Roast Pumpkin + Spinach Lasagne
I love making this simple lasagne when I feel like something warm and nourishing. I normally make up a big baking dish and enjoy for lunch or dinner the next day with a large salad or steamed green vegetables, as it keeps well for up to 3 days. It freezes well too.
What’s good about it:
This lasagne, gives your body a massive hit of antioxidants. Pumpkin is high in immune boosting vitamin A, which is important for eye health, protein synthesis, reproduction and a healthy immune system. It’s also high in fibre to help lower cholesterol and has good amounts of potassium which helps to regulate fluid and mineral balance in the body. Potassium blunts the effects of sodium which can help in lowering blood pressure. Spinach is my all time favourite and the ultimate super food. High in minerals potassium and magnesium as well as lutein, an antioxidant that can help protect the body against damage and disease. Tomatoes are high in antioxidants that include lycopene that can help support the immune system and fight disease. Ricotta adds calcium and protein your body needs for healthy bones and maintain lean muscle.
1 kg pumpkin, peeled
1 teaspoon ground cinnamon
1 onion, diced
800 g chopped, tomatoes
3 tablespoons tomato paste
2 tablespoons, fresh chopped parsley
200 g baby spinach
500 g reduced fat deli-style ricotta (see notes)
Preheat your oven to 200 C.
Slice pumpkin into 1 cm thick slices + place onto a baking tray.
Brush lightly with olive oil and sprinkle over a little cinnamon.
Bake for 30 minutes until tender and remove.
Sauté onion in a pot.
Add tomatoes and paste + cook for 15 minutes until thickened.
Add herbs and season to taste, then remove from heat.
Spread 1/4 of the sauce into the base of a baking dish.
Add half of the spinach then ½ of the roasted pumpkin on top.
Spoon over ½ of the tomato sauce. Repeat.
Beat the ricotta and egg until smooth.
Spread over the pumpkin.
Bake for 30 minutes.
Serve with leafy greens or steamed green vegetables.
Nutrition per serve:
Protein: 16 g
Total fat: 9 g
Saturated: 5 g
Calcium: 289 mg
Carbs: 16.6 g
To increase protein add beans, lentils or chicken when making the tomato sauce.
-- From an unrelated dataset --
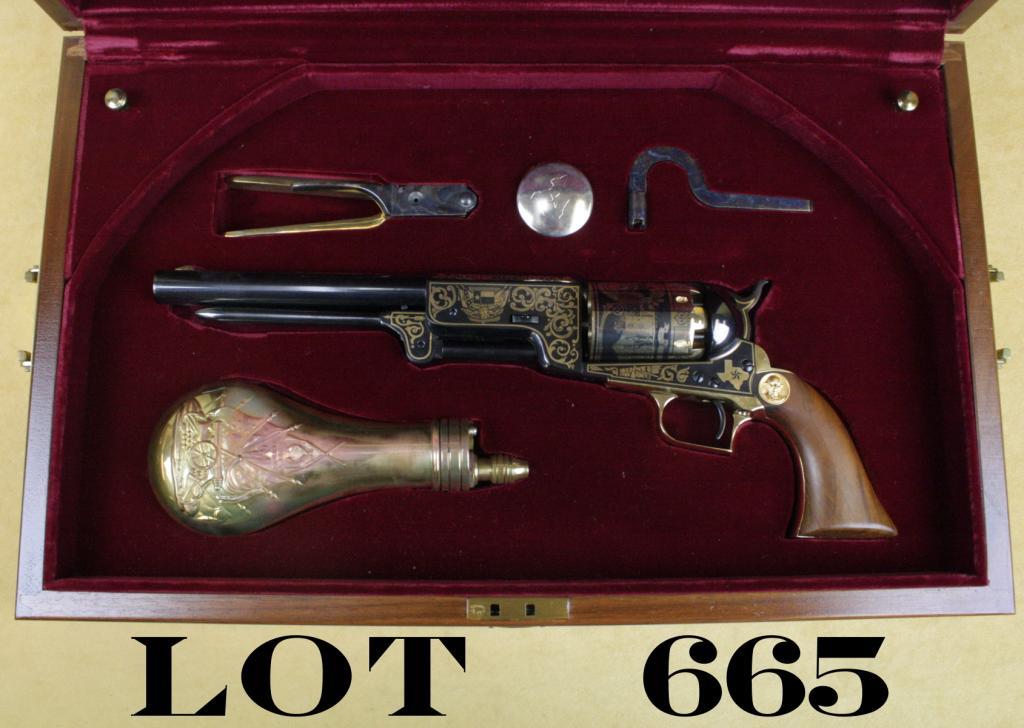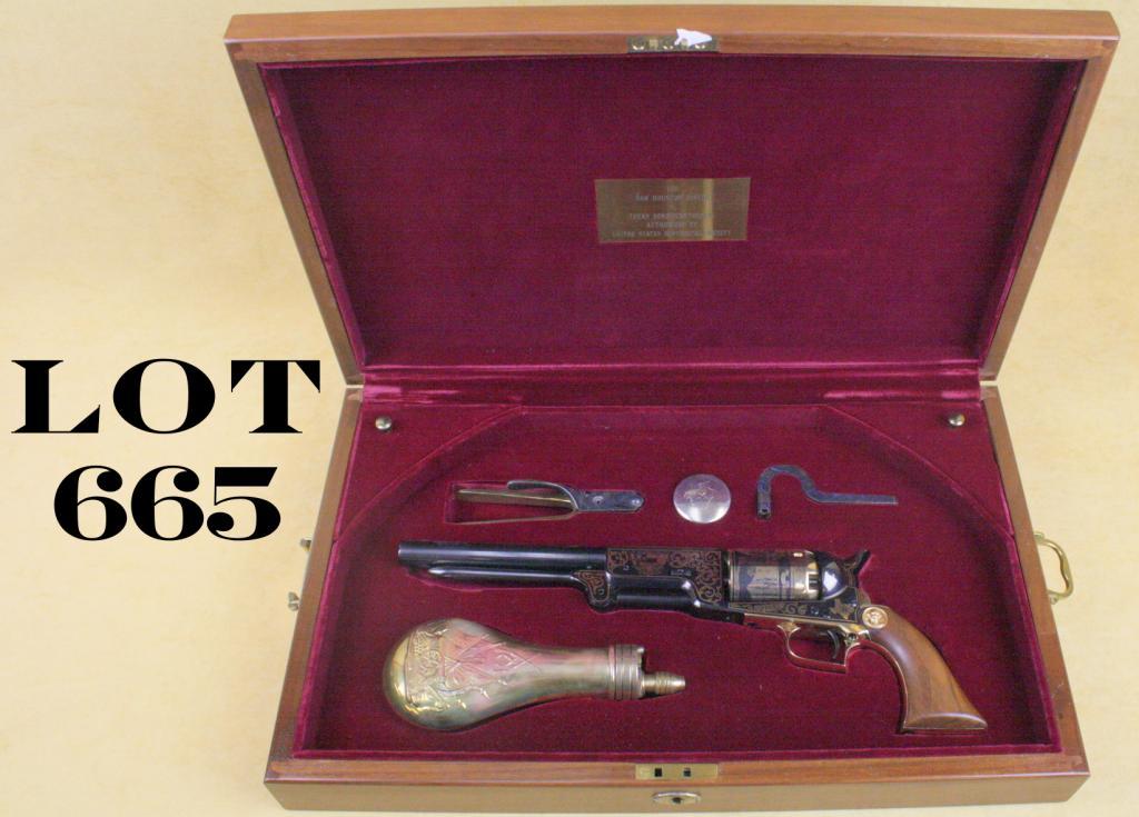 Presentation wood cased with accessories Italian-made copy of a Colt Walker Model percussion revolver authorized by the United States Historical Society entitled “The Sam Houston Pistol” commemorating the TexasSesquicentennial, .44 cal., 9” barrel, blue finish with gold ornamentation on the frame, cylinder and barrel assembly, brass trigger guard and back strap, wood grips with inset of Sam Houston on the top of the left grip,#1220. This gun is in like new condition and is nicely ornamented with images of the Alamo, Texas and Confederate flags, Indian tomahawk, map of Texas, etc. The box is maroon lined with reproduction brass powderflask, bullet mould cap tin and combination wrench; the outside of the wood box is decorated with an inset panel showing Sam Houston’s likeness, flags and stand of Texas flags. The case itself is in overallexcellent condition. Est.: $700-$1,400.
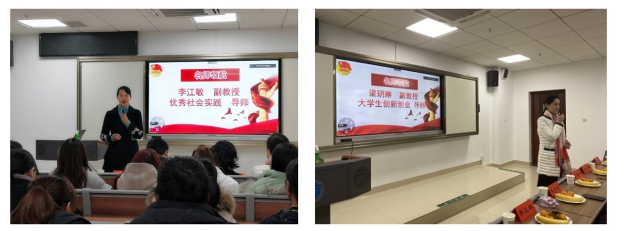 随后,校社会实践优秀指导教师、旅游管理系党支部书记李江敏副教授以其指导的世界文化遗产项目的社会实践和调查活动为例,指导并鼓励同学们注重思考、从细节中发掘选题,持之以久地坚持探索和学习;2019国家级大学生创新创业项目指导教师、校“优秀班主任”和“优秀学务指导教师”梁玥琳老师结合其指导的085181班同学的各项创新实践活动,介绍了选题、参与创新创业的能力要求和提升方法,让大家感受到创新创业其实并没有那么高不可攀。

There are 3 great ways of making a non-dairy white sauce for those who have lactose issues:
1 Substitute the ricotta for pureed, white cannelini beans blended with roasted garlic and a splash of olive oil. It makes a great replacement for the ricotta in the recipe, plus it’s high in protein and fiber to help lower cholesterol and keep blood sugars stable.
2 Combine 500 g silken tofu with 60 g raw cashew nuts into a high speed blender. Blend until smooth and creamy and use to replace ricotta.
3 Quickly steam 1 whole cauliflower then blend with roasted garlic and a splash of olive oil until smooth and creamy. Spread over the lasagne and bake. When using this version, you need to add protein to make this meal complete, so add 500 g chicken breast into the tomato sauce or brown lentils or beans.